- _About this exercise_: From the line with "White Hall Home of Cassius Marcellus Clay" to the line with "Union Mutual employees", output every line below exactly, both ends included. Skip the pictures.

- _Material for the task_:
++++++++++++++++++++

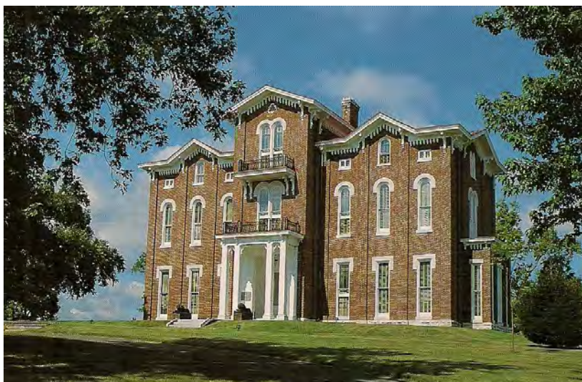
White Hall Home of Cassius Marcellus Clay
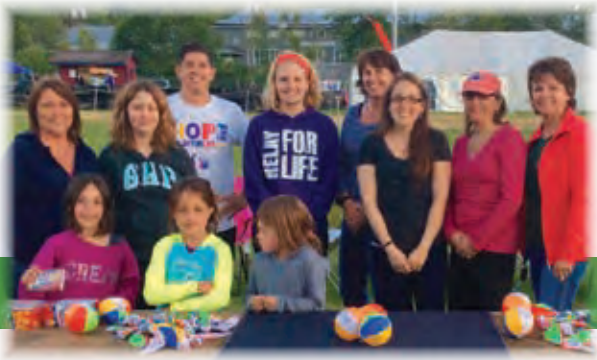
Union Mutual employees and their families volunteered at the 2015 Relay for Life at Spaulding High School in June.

++++++++++++++++++++

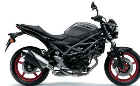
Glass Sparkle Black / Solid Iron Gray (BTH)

++++++++++++++++++++

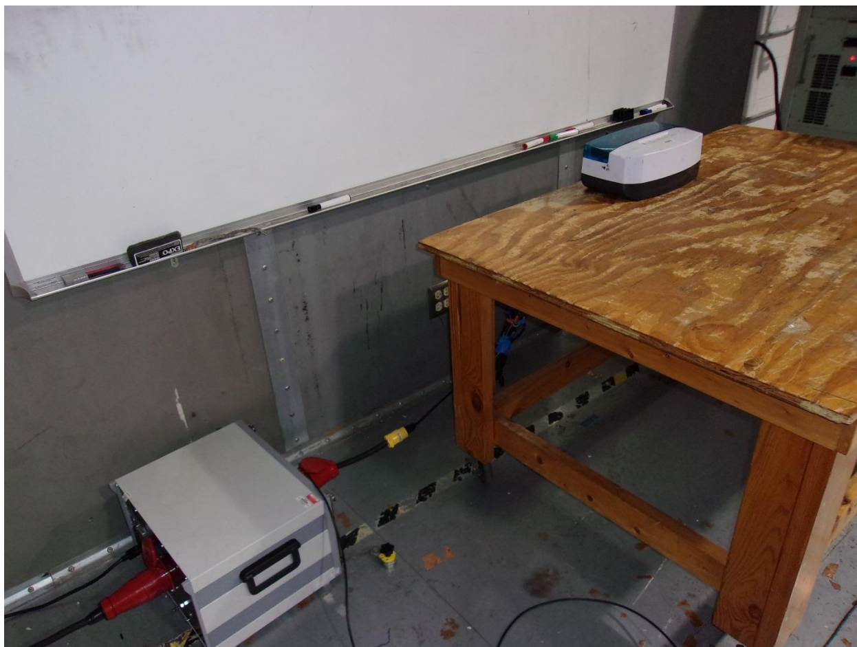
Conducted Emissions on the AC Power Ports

++++++++++++++++++++

- _Written reply_:
White Hall Home of Cassius Marcellus Clay
Union Mutual employees and their families volunteered at the 2015 Relay for Life at Spaulding High School in June.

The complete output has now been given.